Given the importance of these supplies, India cannot afford to alienate Russia, despite the Kremlin’s increasingly close partnership with China, which has been waging a stealth war with India in the Himalayas.
The smaller abstaining countries — Bangladesh, Kazakhstan, Kyrgyzstan, Laos, Mongolia, Pakistan, Sri Lanka, Tajikistan and Vietnam — are even more likely to be replicating a version of Finlandization, reflecting pressures from Russia and China.
Meanwhile, Japan and South Korea remain the West’s front line in the region, confronting threats from both powers, along with North Korea, which voted against the resolution.
US President Joe Biden was last week in Asia attempting to strengthen that front. In his meetings with South Korean President Yoon Suk-yeol and Japanese Prime Minister Fumio Kishida, Biden has sought to lay the groundwork for deeper cooperation, including by planning for a variety of contingencies, such as a North Korean missile attack on any of the three countries’ territories. Biden has even vowed to defend Taiwan militarily in the event of an invasion.
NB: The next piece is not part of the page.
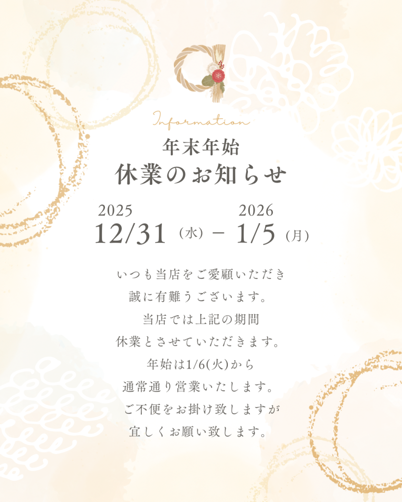 年末は混み合いますので、お早めのご予約をおすすめしております。どうぞよろしくお願いいたします。

However, Biden has held separate bilateral meetings with Yoon and Kishida. For the front line to hold, South Korea, Japan and the US must construct a viable three-way strategy to confront the security challenges Asia faces.
Here, Yoon’s electoral victory in March offers reason for hope. Having defeated the incumbent party’s candidate, Yoon is expected to break from the foreign policy of his predecessor, Moon Jae-in. This includes abandoning Moon’s appeasement policy toward North Korea, the biggest military threat to the South, and replacing his policy of “strategic ambiguity” in the Sino-American rivalry with deeper ties to the US. During their meeting, Biden and Yoon affirmed the critical importance of extended deterrence in their joint policy toward the North Korean regime.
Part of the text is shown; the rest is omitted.